Activating mutations of epidermal growth factor receptor (EGFR) are associated with the high sensitivity of non-small cell lung cancer (NSCLC) patients to EGFR tyrosine kinase inhibitors (TKIs) like erlotinib. However, acquired resistance limits the clinical efficacy of EGFR-TKIs, which is the most commonly caused by T790M mutation in EGFR. Second generation EGFR-TKIs such as afatinib are able to inhibit T790M mutation but the clinical efficacy in T790M positive patients is limited due to severe side effects associated with wild type (WT) EGFR inhibition.

ASP8273 is a mutant-selective irreversible EGFR inhibitor currently in clinical trials (ClinicalTrials.gov Identifier: NCT02113813, NCT02192697).
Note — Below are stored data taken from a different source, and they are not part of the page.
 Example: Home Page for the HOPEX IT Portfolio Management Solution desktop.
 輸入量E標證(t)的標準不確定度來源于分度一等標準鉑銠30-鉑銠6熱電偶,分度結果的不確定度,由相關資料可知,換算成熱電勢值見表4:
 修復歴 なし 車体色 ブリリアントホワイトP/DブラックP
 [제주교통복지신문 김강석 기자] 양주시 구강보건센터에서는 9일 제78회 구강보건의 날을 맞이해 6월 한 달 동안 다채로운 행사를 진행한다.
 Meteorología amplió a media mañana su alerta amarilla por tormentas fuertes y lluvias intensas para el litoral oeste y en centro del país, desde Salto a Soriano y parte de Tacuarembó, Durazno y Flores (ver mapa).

We have previously reported that ASP8273 covalently binds to mutant EGFR via C797 and inhibits kinase activity of mutant EGFR, which results in anti-tumor activity in xenograft models. To further explore the selectivity and the activity of ASP8273 on mutant EGFR, we evaluated effects of ASP8273 and other EGFR-TKIs on EGFR signal pathway, cell growth and anti-tumor activity.

Phosphorylation of EGFR, ERK and Akt was determined by Western blot after treatment with EGFR-TKIs at 10, 100 and 1000nM. Apoptosis induction was analyzed by detecting caspase activity after 24h treatment with EGFR-TKIs. Anti-tumor activity of ASP8273 was evaluated in mice xenografted with HCC827 (deletion in exon 19 [del ex19]), NCI-H1975 (T790M/L858R), A431 (WT), and a patient derived LU1868 (T790M/L858R).
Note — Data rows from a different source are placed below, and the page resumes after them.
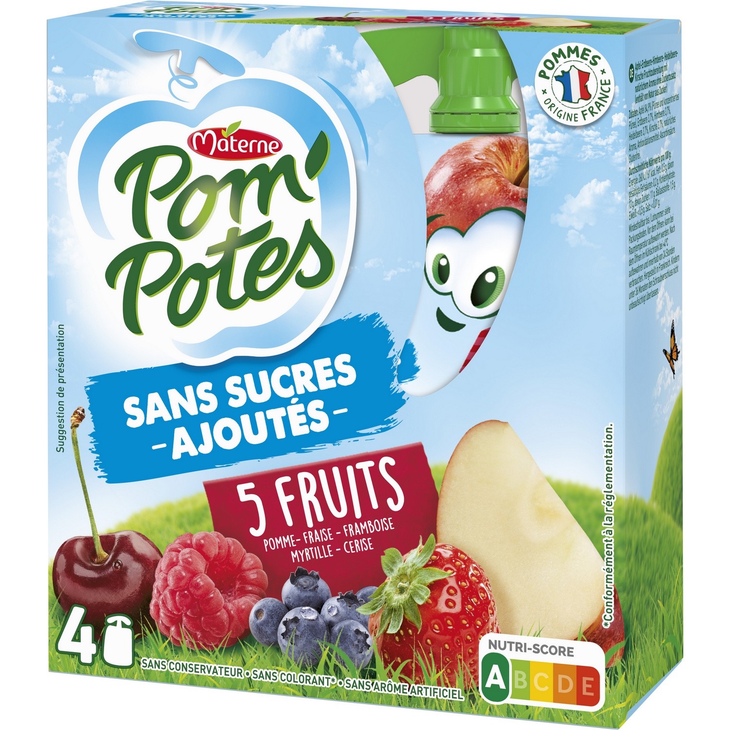 Spécialité de fruits sans sucres ajoutés. Ingrédients : Pomme 84,9% (purée et purée concentrée), cerise 3,7%, fraise 3,7%, framboise 3,7%, myrtille 3,7%, arôme naturel, antioxydant...
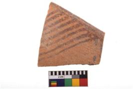 | Description / विवरण | Specimen of potsherd with decorative geometric painting. Type Black on Red Ware . |
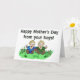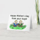 Um cartão único para aquela mãe sortuda de gêmeos! Feliz Dia de as mães de seus gêmeos por Kerra Lindsey apresenta dois meninos brancos na frente com flores para sua mãe.

ASP8273 selectively inhibited phosphorylation of EGFR and its down-stream signal pathway, ERK and Akt from 10nM in HCC827 and NCI-H1975 while inhibitory effects were only detected at 1000nM in A431.In NCI-H1650 (del ex19), ASP8273 inhibited cell growth with an IC50 value of 70nM while other EGFR-TKIs were only partially effective. ERK and Akt phosphorylation were diminished after ASP8273 treatment at 1000nM, however, other EGFR-TKIs only partially reduced the phosphorylation levels of these proteins. ASP8273 potently enhanced the caspase activity in NCI-H1650 after 24h treatment, which is concordant with signal and cell growth inhibitory effect.

In HCC827 and NCI-H1975 xenograft models, ASP8273 induced tumor regression at 10, 30 and 100mg/kg without affecting body weight. ASP8273 also produced tumor growth inhibition from 10mg/kg in the NSCLC patient derived tumor xenograft, LU1868 which express T790M/L858R. On the other hand, ASP8273 did not produce significant tumor growth inhibition at 10 and 30mg/kg in A431 xenograft model.
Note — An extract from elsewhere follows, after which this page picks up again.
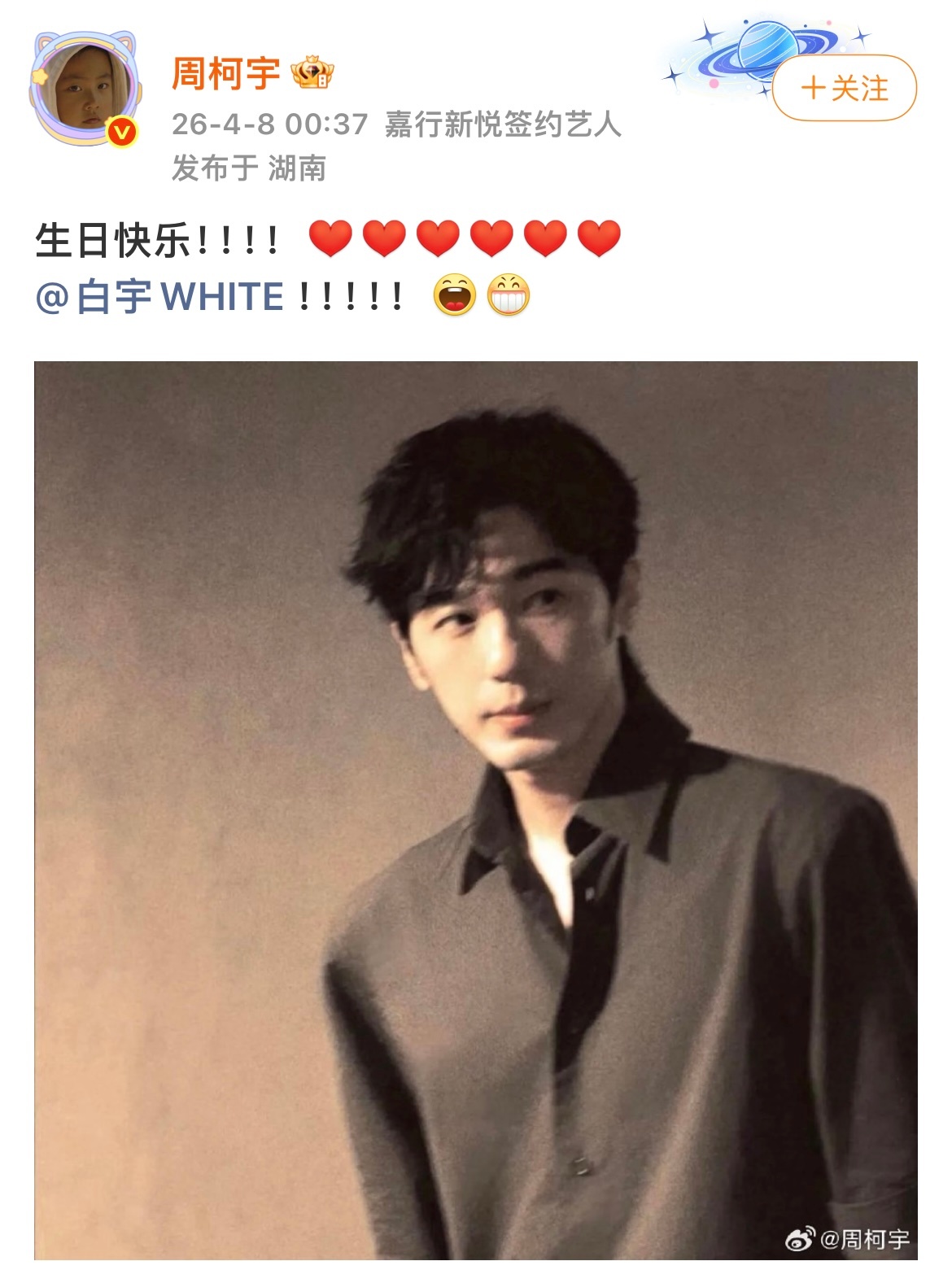 啊哈哈哈哈哈哈哈周柯宇你别太爱了!给白宇发生日快乐是得发六个爱心,还不忘在评论区夸个帅哥的程度
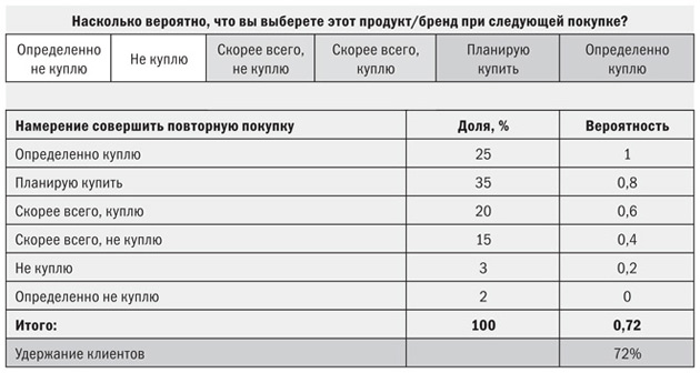 Расчеты показателя удержания клиентовБанки, оптовые поставщики и другие компании, фиксирующие все данные о сделках, могут легко рассчитать показатели удержания клиентов. Но многие другие не вступают в прямые отношения с конечными потребителями и неспособны рассчитать их напрямую. Они могут воспользоваться данными опросов, как показано на рис. 1.8.

ASP8273 selectively inhibited mutant EGFR compared to WT EGFR in preclinical models, showing activity in mutant EGFR cell line which is resistant to other EGFR-TKIs including AZD9291 and CO-1686. These results indicate the potential of ASP8273 to induce tumor shrinkage in patients with mutant EGFR positive tumors including those that do not respond to other EGFR-TKIs despite EGFR mutation.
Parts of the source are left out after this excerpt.